• **Task requirements**: Beneath this line sits some data. Return only its lines from the one holding "Divano componibile a" through the one holding "Не прекращая взбивания, влейте", inclusive, exactly, with the images removed.

• **Listed records**:

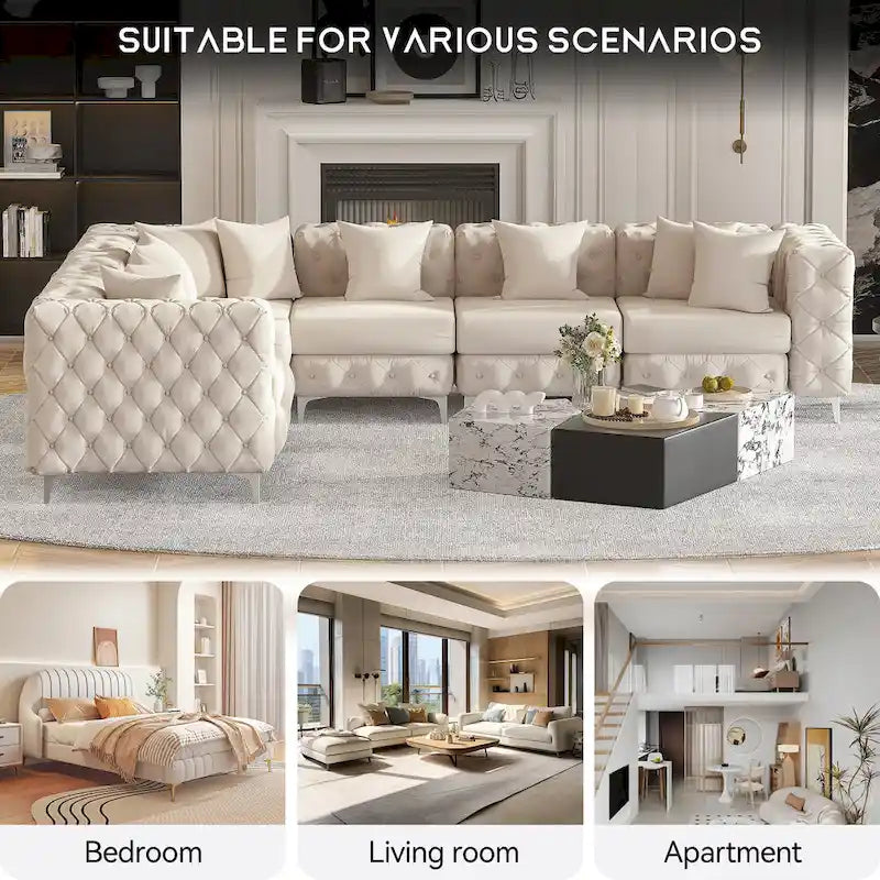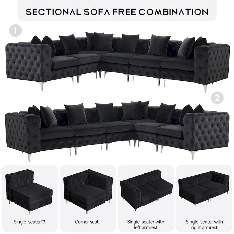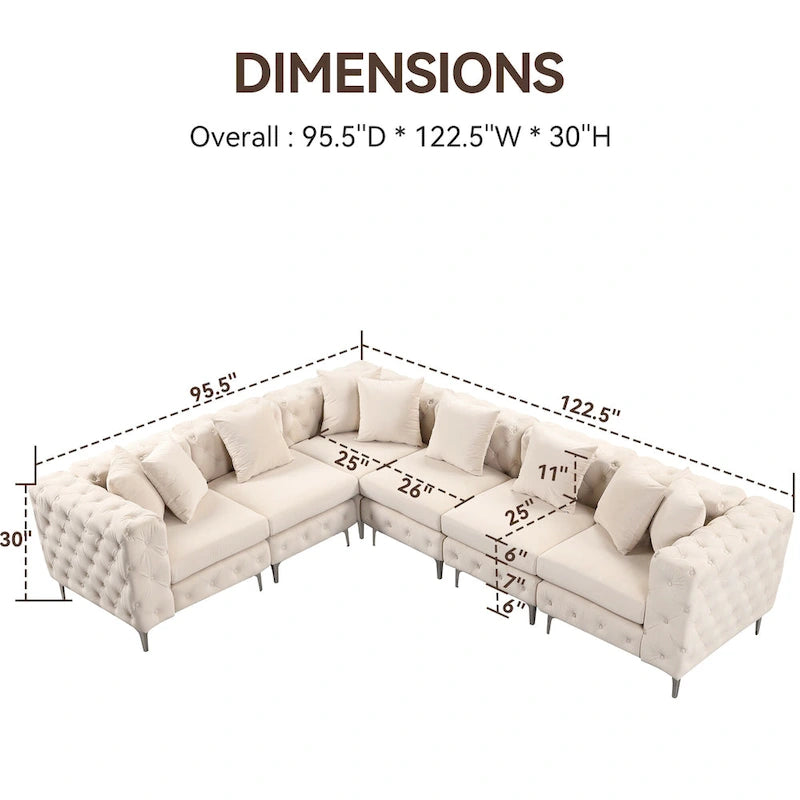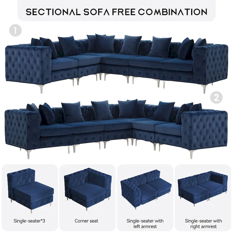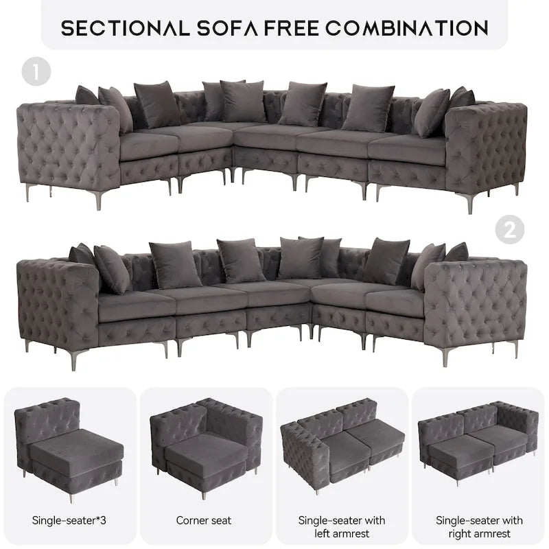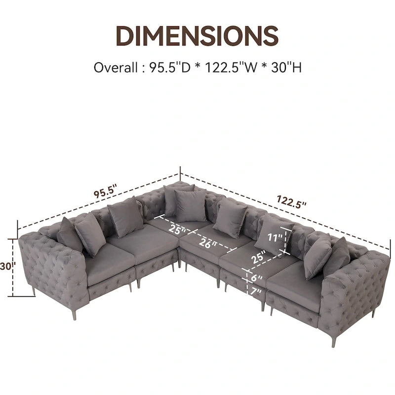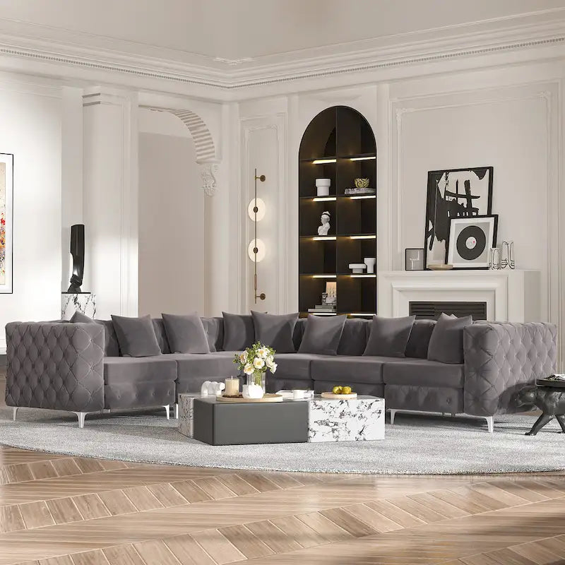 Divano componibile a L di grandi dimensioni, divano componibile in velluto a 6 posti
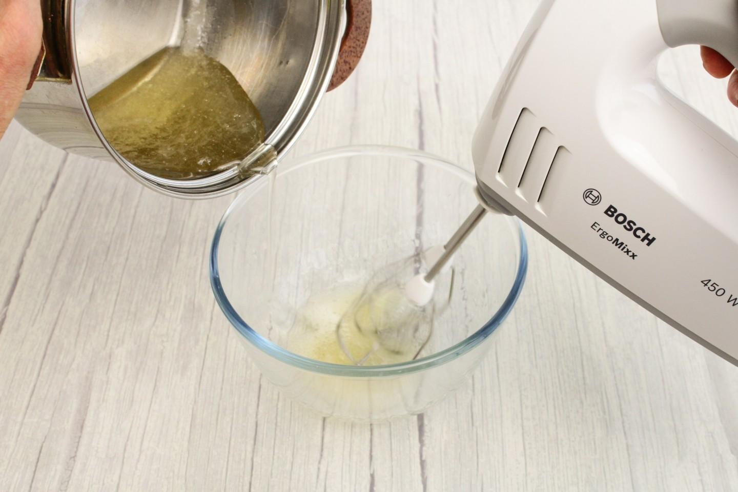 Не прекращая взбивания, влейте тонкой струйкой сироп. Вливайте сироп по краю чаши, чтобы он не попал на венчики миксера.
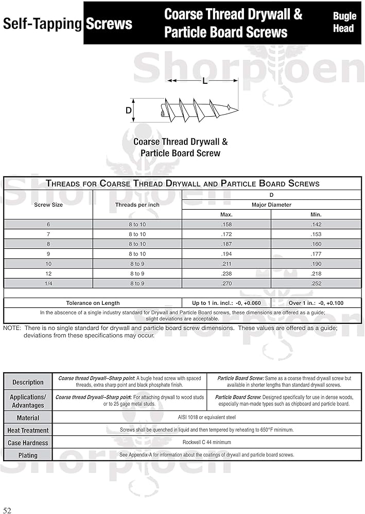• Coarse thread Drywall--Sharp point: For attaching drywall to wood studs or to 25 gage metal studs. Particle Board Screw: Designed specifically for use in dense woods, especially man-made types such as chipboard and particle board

---

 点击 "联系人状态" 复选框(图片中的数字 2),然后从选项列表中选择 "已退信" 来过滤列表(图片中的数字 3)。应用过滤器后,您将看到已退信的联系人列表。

• **Solved problem**:
 Divano componibile a L di grandi dimensioni, divano componibile in velluto a 6 posti
 Не прекращая взбивания, влейте тонкой струйкой сироп. Вливайте сироп по краю чаши, чтобы он не попал на венчики миксера.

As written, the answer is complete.